Ankara plans to shut Saudi intelligence offices in Turkey following a series of diplomatic disputes over the conflicts in Syria and Egypt, a well-placed Turkish source told Al-Akhbar.
The Saudi intelligence presence in Turkey is mainly there to provide support and training for armed groups fighting in Syria.
According to the source, Turkish authorities believe Saudi Arabia’s position on Syria is no longer in line with Turkey’s interests, as Ankara is reportedly trying to ease tensions with Tehran and Damascus.
The historic alliance between Saudi Arabia and Turkey began to crumble following the Saudi-sponsored military overthrow of Egypt’s Islamist president Mohammed Mursi on July 3.
Turkish Prime Minister Tayyip Erdogan has repeatedly denounced the Egyptian coup and the military crackdown on Mursi’s Muslim Brotherhood party.
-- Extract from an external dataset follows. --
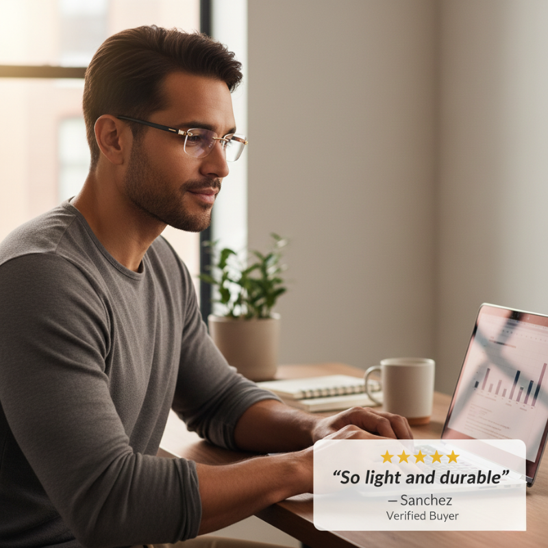 ✔ WEAR THEM ALL DAY WITHOUT FEELING A THING - Solid metal hinges paired with ultra-light TR90 temples and adjustable silicone nose pads distribute weight so evenly that Lucent™ virtually disappears on your face — even after 8+ hours of wear.

But the tipping point came when Riyadh attempted to diminish Turkey’s influence over the opposition Syrian National Council and the National Coalition for Syrian Revolutionary and Opposition Forces, the source said.
Saudi foreign minister Saud al-Faisal allegedly told his Turkish counterpart Ahmet Davutoglo that Turkey would no longer play a role in the Syrian conflict even if the regime were to fall, and asked Ankara not to interfere in Egypt’s political crisis.
According to the source, Turkish officials believe Saudi Arabia, along with Jordan and the United Arab Emirates, are strategically working against the interests of two different regional blocs: Hezbollah, Syria, Iran and Iraq on one front, and Turkey, Qatar, Hamas, and the Muslim Brotherhood on the other.
The Turkish source added that Saudi Arabia had attempted to disrupt a prisoner swap deal that saw the release of the nine Lebanese pilgrims held in northern Syria in exchange for two Turkish pilots kidnapped in Beirut.